Our users liked the look of the tabs, and that the controls were on the column and row headers, close to the chart grid, but there were some design issues:

  • The main problem was that data was lost, or appeared to be lost, when using the tabs to navigate down the hierarchy.
  • The tab component really belongs in a dialog (e.g., for selecting preferences), and it was problematic that in our interface the act of switching tabs affected the display.
  • Some testers did not understand the symmetrical relationship between the columns and the rows, and the hierarchical relationship between the tabs. We realized that the hierarchy might not have been apparent because the tabs were all at the same level.

So we changed the row and column headers to have levels denoting Survey, Question and Response levels.
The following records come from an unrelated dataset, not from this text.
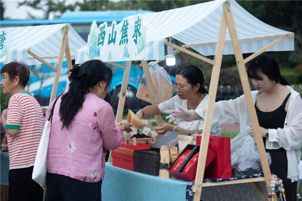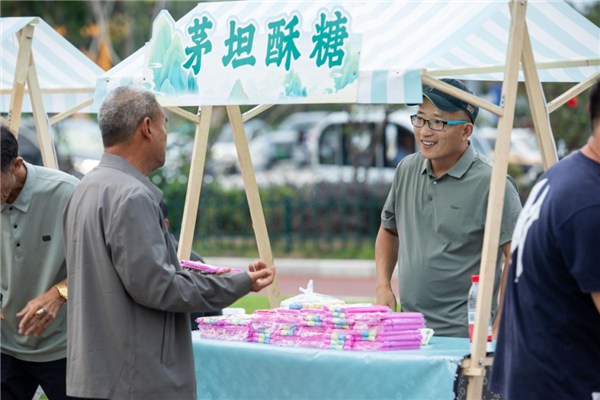 舞台左侧的非遗展销区同样人头攒动,气氛热烈。贵池区的西山焦枣制作技艺与茅坦酥糖制作技艺集中亮相。传承人与游客亲切交流,畅谈非遗美食背后的故事与工艺。游客在欣赏精彩演出的同时,还能了解、品尝地道的家乡非遗风味,体验别具特色的文化之旅。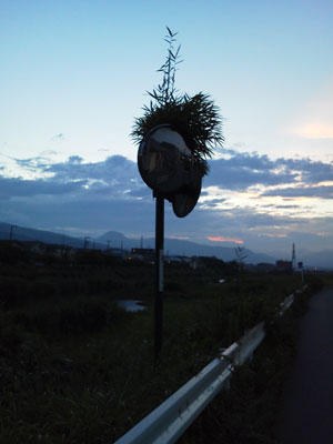 他とちょっと違うのは、カーブミラーの柱の中を竹がにょきにょきと生え、ついにてっぺんからこんもりと顔を出したということです。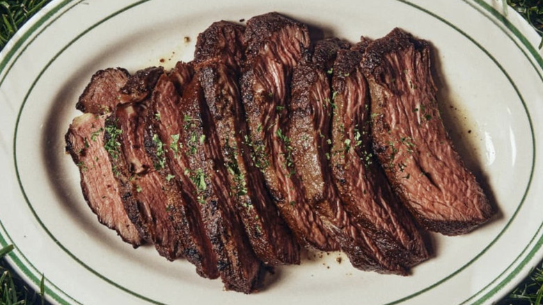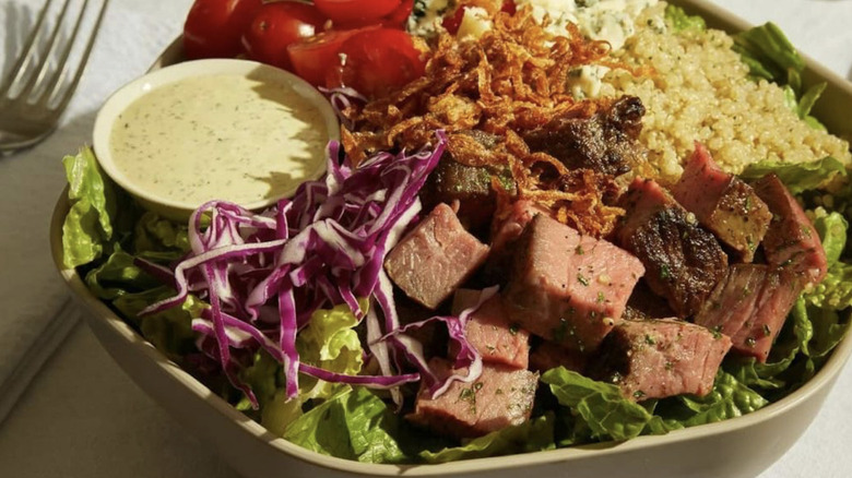 Carnivorous eaters can rejoice, Sweetgreen's initial trial putting steak on its menus has now expanded beyond the original two dozen locations throughout Massachusetts to appease even more customers. Now, Sweetgreen visitors have the option of adding caramelized garlic steak to their protein plates, bowls, and salads. The pieces of tender, juicy steaks are made from grass-fed and pasture-raised tri-tip sirloin cooked with slow-roasted and caramelized garlic and onions. The chef responsible for the in-house recipe is Sweetgreen's head of culinary and a Michelin-trained chef who has also spent time in the corporate kitchens of Chipotle and Burger King.

The legal hierarchy comparisons still held, and since one of the illegal comparisons was survey vs. survey, this did not need to be in both headers, so now it is only in the column header. We also moved the controls back into a control panel, with buttons determining whether the current selection would be applied to the column or row. There was too much duplication having the controls on both the column and the row headers. Instead of using controls as labels, static text labels are now used. In addition to the category, question and response selection, the control panel contained an Export List panel, containing the charts that had been marked for later export or display in the chart grid.

We determined how the reporting and data mining tools would work together, removing features that duplicated reporting tool functionality, such as the display of all charts in a particular category at once, and the display of respondent comments. Also, a good deal of shared functionality (dataset management, filter/query creation) would need to be accessed by reporting tool users as well as datamining users. Because the reporting tool is an HTML interface, it makes sense to have that work done in the reporting tool (but have the results available to both tools), so that the datamining tool users would not have the jarring experience of two different types of dialogs. For example, datasets (named sets of one or more surveys), will still be available for comparison, but will now be created in the existing reporting tool. We changed our terminology from "Dataset" to "Surveys" and from "Answer" to "Response" based on user feedback.

We also designed (but did not have time to implement) a "Group" dialog that would be used to combine desired responses together, or break combined responses apart.